After the trial, the Herefordshire local policing commander, Superintendent Sue Thomas, said, “This has been a lengthy and detailed investigation that I am pleased to see has resulted in four men being found guilty of the crimes and we await sentencing tomorrow. I hope the result from this trial demonstrates to the metal detecting community that we take this sort of crime very seriously. It is a criminal offence to not declare finds of treasure to the local coroner’s office.”
The investigating officer for the operation, Detective Constable Nigel Cleeton, commented, “In all my policing years of service this is the most unusual investigation I have been involved in.”
Williams from the British Museum said, “I am pleased that this case has now been resolved after four years of police investigation. This is an unusual and important find, both in terms of what it can tell us about history of the period, and because some of the individual objects are so rare and beautiful. Discoveries such as this are an important part of our national heritage and the Treasure Act (1996) is designed to ensure that such finds can be acquired by museums for the benefit of the general public, rather than being quietly sold on the black market.”
According to Williams, the combination of coins and objects suggests a fairly clear date and context for the burial of the hoard. “With so much of the hoard missing, we cannot be absolutely certain of the date, but the combination of intact jewellery, bullion and a mixture of Anglo-Saxon, Frankish and Islamic coins is characteristic of a Viking rather than an Anglo-Saxon hoard, while the presence of a single Two-Line penny of Alfred indicates that it is unlikely to have been buried before c. 879. This is consistent with the presence of a portion of the so-called Great Army of the Vikings in that part of England in 878-879. These Vikings, led by Guthrum, were defeated by Alfred at the battle of Edington in 878, and following a peace treaty at Wedmore moved across the border into south-western Mercia, where they remained for a year, before moving on to East Anglia where they settled.
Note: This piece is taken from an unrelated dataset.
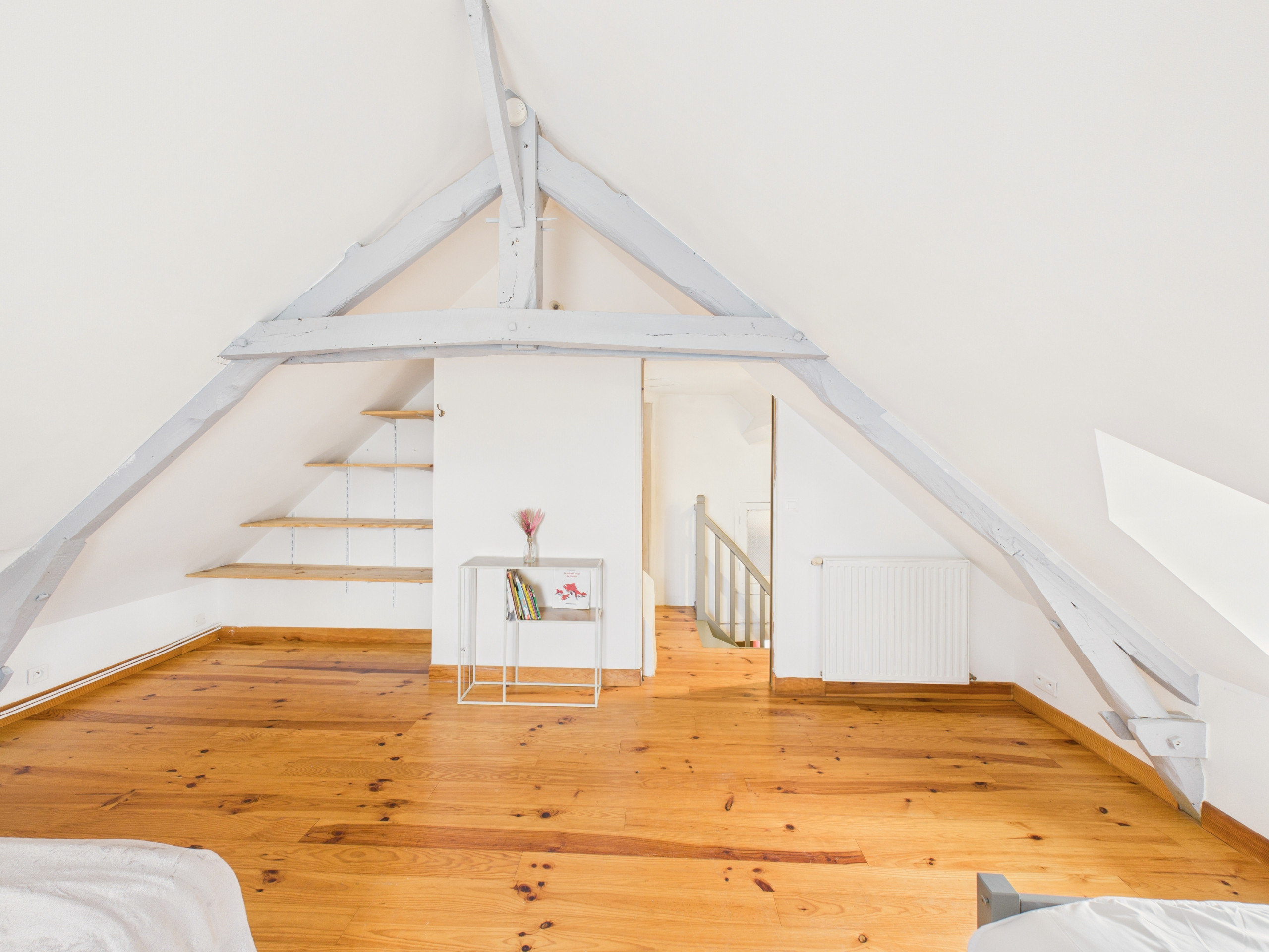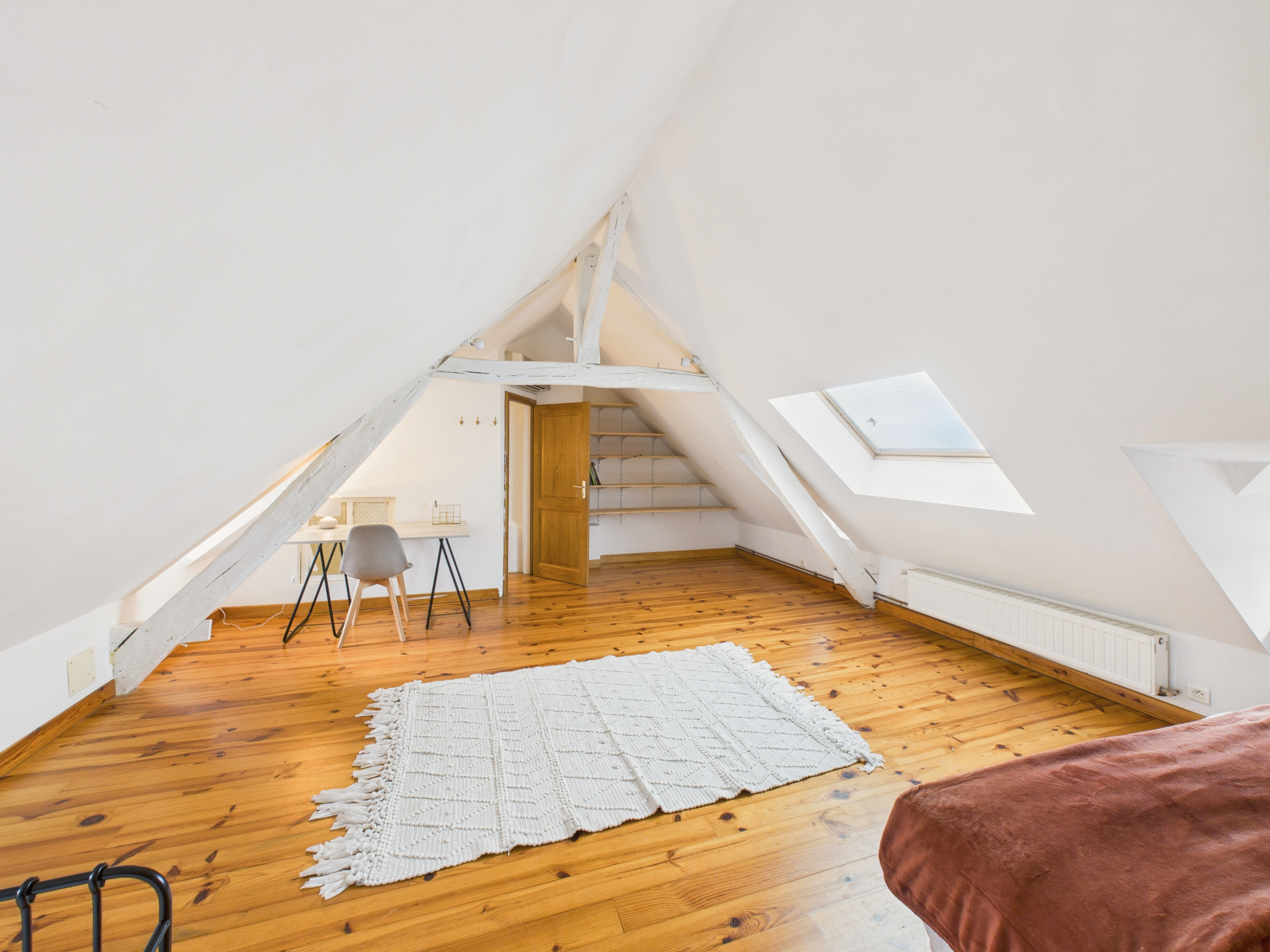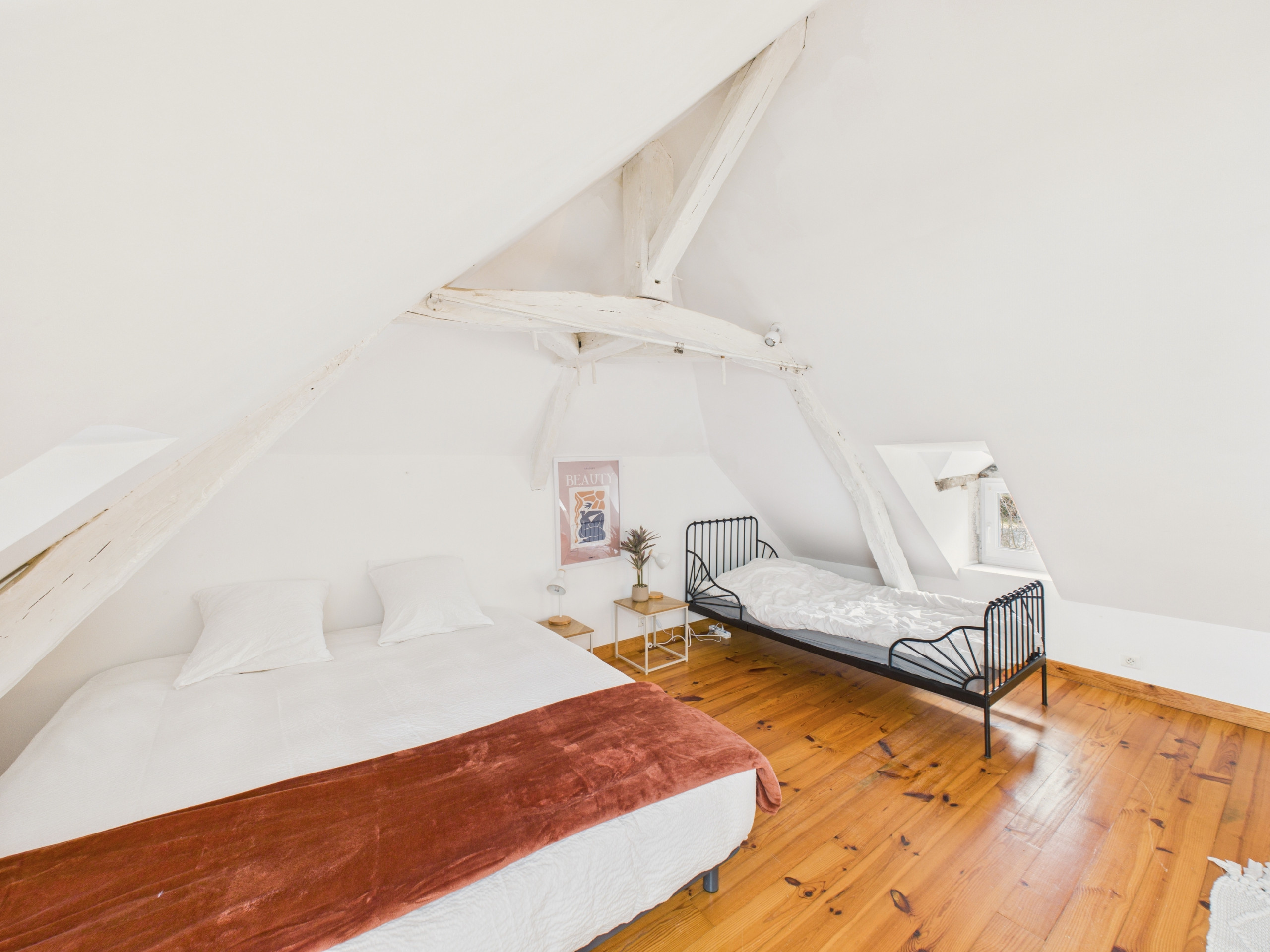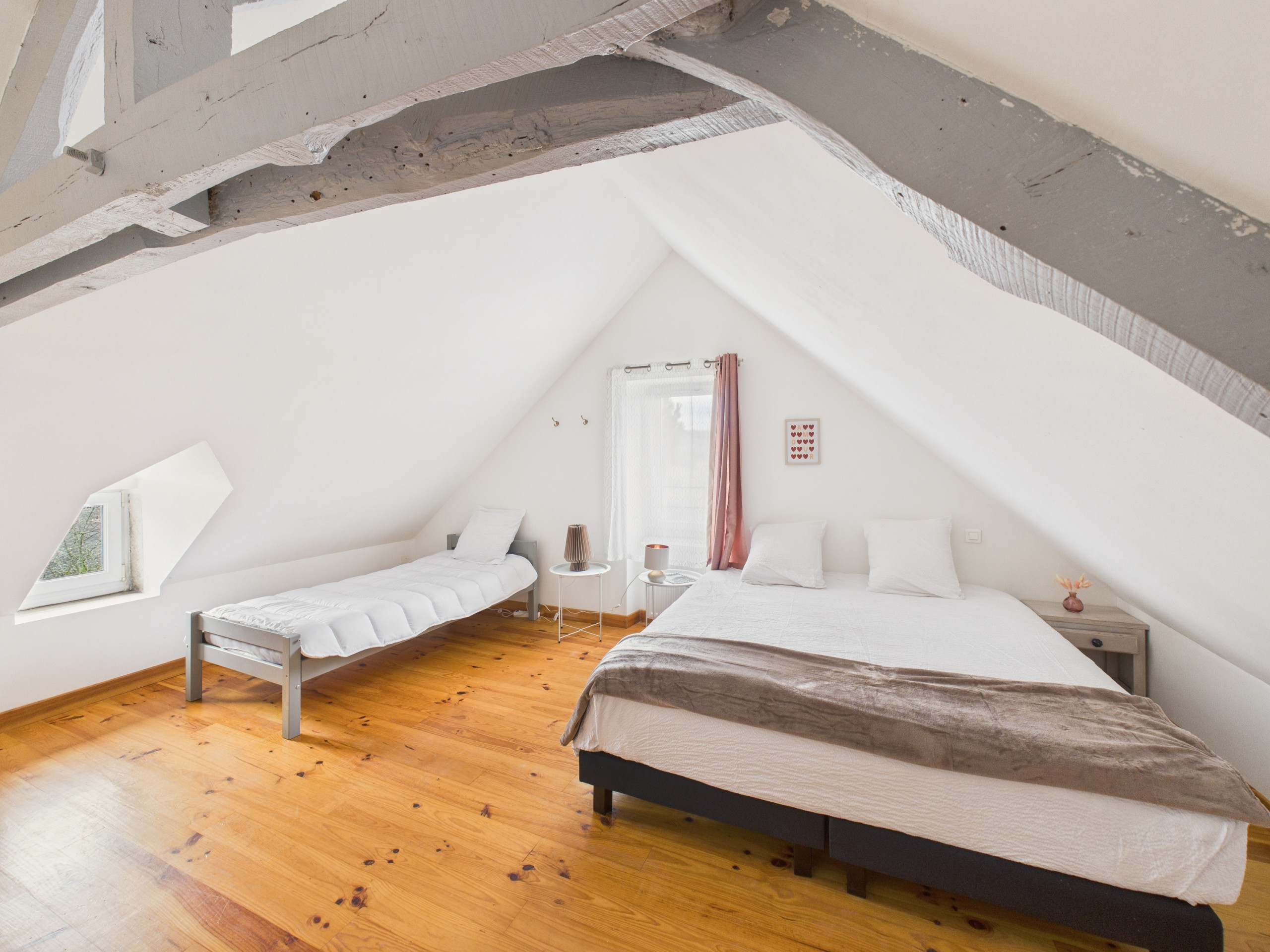 Bedroom 2 – upstairs: a large 34 m² bedroom with a king-size bed (180x190 cm), a single bed (90x190 cm) and a desk.

“Analysis of the activity of the Great Army shows that in many cases they made use of royal and monastic estates as bases because these already had supply systems that they could exploit. The find-spot at Eye was within sight of what is thought to have been an important monastery at Leominster. So, it seems likely that it was in some way associated with the Viking occupation of that area, just as the very similar hoard from near Watlington in Oxfordshire later in 2015 was found close to the likely route of the Great Army from Mercia to East Anglia.”